Mais cela se peut-il? La fille catholique, à vingt ans, a un long passé.

Dès sept ans, on est responsable, on pèche, on doit se confesser. Donc, de huit ans à vingt, pendant douze ans, elle a (hors de la portée de sa mère) communiqué avec des hommes non mariés. Je veux bien les croire sages. Que de choses, en douze années, ils eurent le temps d'écrire sur ce vélin de l'âme,—et lorsque toute petite elle savait à peine, recevait tout les yeux fermés,—et lorsque, grandissant, dans la crise de l'âge, elle a pu comprendre trop bien.

Au jour du mariage, tout ce passé pâlit. Ces caractères écrits semblent avoir disparu. Elle ne les voit plus. Encore moins son mari qui n'en saura jamais grand'chose. Je ne l'en avertis que pour lui dire ceci: «Ces caractères subsistent en dessous (prends-y garde), et voudront toujours reparaître. À toi d'écrire dessus (tu le peux, elle t'aime), d'écrire avec tant de cœur, tant d'amour, tant de force et d'ascendant, qu'elle-même elle efface ce qui reparaîtrait, veuille décidément oublier.»

La Française a beaucoup de bon sens. L'expérience lui profite; elle est très lucide en amour. Et cette lucidité ne nuit pas toujours au mari. Il a pour lui ce beau moment. Elle compare ses guides équivoques, glissant toujours entre deux mondes, avec l'homme au cœur simple et fort. Elle trouve une paix singulière dans la vie transparente, dans l'aimable gaieté du travailleur serein.

Si elle semble orageuse, inquiète, n'accusons pas sa volonté, mais l'état où elle est, enceinte, le combat de nature dans cette dualité de vie. Pauvre âme qui d'elle-même veut s'élancer en haut, n'en est pas moins tirée en bas.

«Mon ami, je sens en moi des choses extraordinaires. Cela n'est pas naturel; cela n'arrive qu'à moi. Parfois je croirais volontiers qu'il me viendra deux enfants, parfois que je suis malade. Mon cœur saute... Je palpite. Je suis dans la grande mer, je vais à la dérive... Plus de bord... Je suis entraînée...

«—Non, non, tu es sur la terre.
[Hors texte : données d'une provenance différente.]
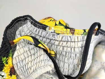 Sukienka damska w kwiaty, rozmiar XL - Fason: rozkloszowany, z zaznaczoną talią; delikatnie falbaniasty dół - Dekolt: okrągły z ozdobnymi, krzyżującymi się paseczkami na plecach - Rękawy: krótkie ...

N'aie pas peur. Donne-moi la main. Ne crains aucun naufrage. Je te tiens contre mon cœur, je réponds de toi, je te serre et tu ne m'échapperas pas.

«—Hélas! cher ami, qui le sait? Je ne suis pas une peureuse. Mais dans cette situation on est si faible, si tremblant!... Les cloches que j'entendais hier, elles tintent encore aujourd'hui, mais lugubres, si lugubres!... C'est, dit-on, pour une femme... Dans ces cloches d'enterrement, il y en a une petite, de son aigu et si aigre! On dirait qu'elle est fêlée; c'est comme la risée stridente d'une vieille à la voix cassée qui rit de moi, qui m'appelle.

«Je n'ai pas peur. Mais lui, lui!... Si je meurs, il meurt aussi (cela se voit bien souvent). Où sera sa petite âme? Mort en naissant, est-il sauvé? Non, répond toute l'Église. Quelle épouvantable chose! Que le pauvre, arraché de moi, mis en terre, n'ait pour nourrice que la terre: c'était déjà trop de douleur. Mais si l'on croit qu'à jamais il ira, dans les ténèbres de ce noir monde inconnu, souffrir...» Et elle sanglote, ne peut continuer.

«—Ah! ma chère! quelle impiété! Quelle horrible idée de Dieu te fais-tu? Croire qu'il se crée des damnés, qu'il fait des coupables d'avance, punit celui qui n'a rien fait.»—«Sans doute, l'enfant n'a rien fait. Mais son premier père Adam... Mais ses pères depuis Adam, ont-ils été saints et purs? Nous-mêmes sommes-nous bien sûrs, ami, d'avoir gardé Dieu présent?... Je n'en sais rien, à vrai dire. Ce pauvre enfant n'est-il pas le péché vivant de sa mère, qui sera punie en lui?»